Separation of Mercury(II) from Aqueous Solution by Adsorption onto an Activated Carbon Prepared from Eichhornia Crassipes

Abstract

The adsorption of mercury(II) from aqueous solutions onto an activated carbon derived from Eichhornia crassipes (AEC) was investigated under varying conditions of agitation time, metal ion concentration, adsorbent dose and pH to assess the kinetic and equilibrium parameters. Adsorption equilibrium was attained in 200, 310, 360 and 360 min for 10, 20, 30 and 40 mg/l Hg(II) concentrations. The first- and second-order adsorption rate constants were calculated and the experimental equilibrium adsorption capacities (q_e) for different initial Hg(II) concentrations were reported.

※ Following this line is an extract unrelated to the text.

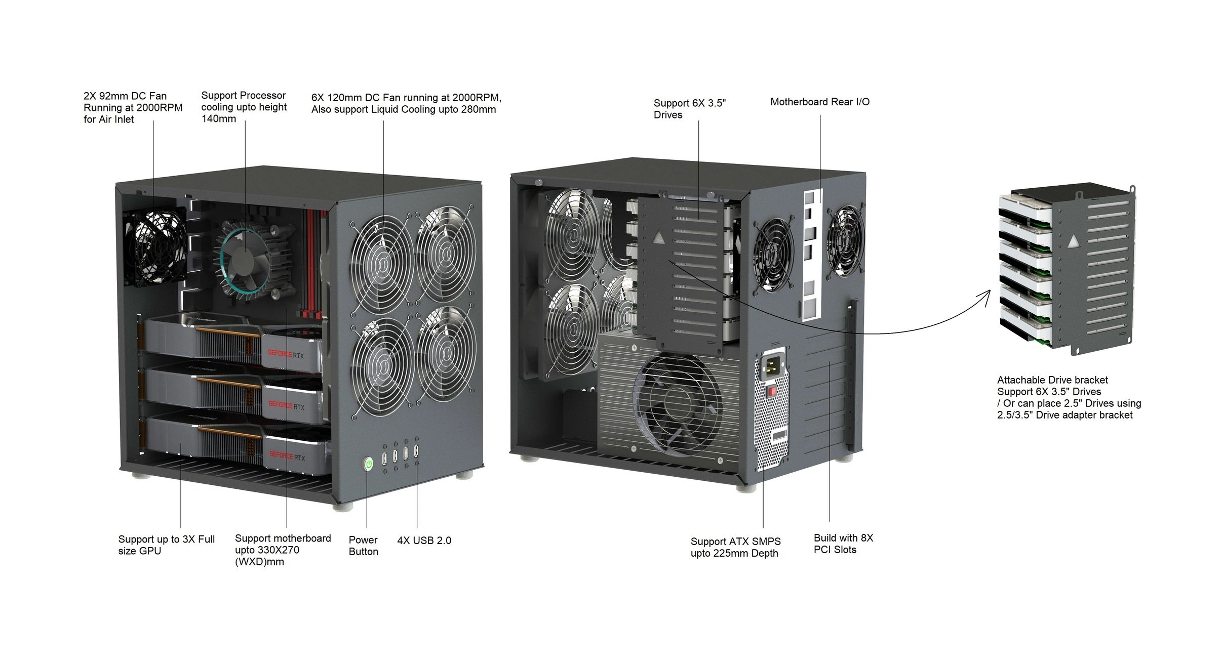 The EM5 Industrial PC case is the upgraded version of EM2 designed for gamers with supporting multiple drives and multiple GPU. This small PC case support upto 6 Nos 3.5" Drives so that it can also be used as a small desktop NAS, This case support 1 ATX SMPS. Built with 4 Nos of 120mm cooling fans and 4 Nos USB 2.0 at the front. At the back side two 92mm fan installed for air intake. This fully industrial case also compatible with 270mm dual fan liquid cooling.

Adsorption was dependent on the solution pH, the Hg(II) concentration, the carbon concentration and the contact time. Both the Freundlich and Langmuir adsorption isotherm models fitted the experimental data well. The adsorption capacity was found to be 28.4 mg/g at pH 5 for a particle size of 125–180 μm. The adsorption capacity of the carbon produced met commercial conditions and was found to be superior to that of many other adsorbents. The percentage removal increased as the pH value of the solution was increased from 2 to 5 and then remained constant up to a pH value of 10. Desorption studies were performed with dilute hydrochloric acid and potassium iodide (KI) solutions.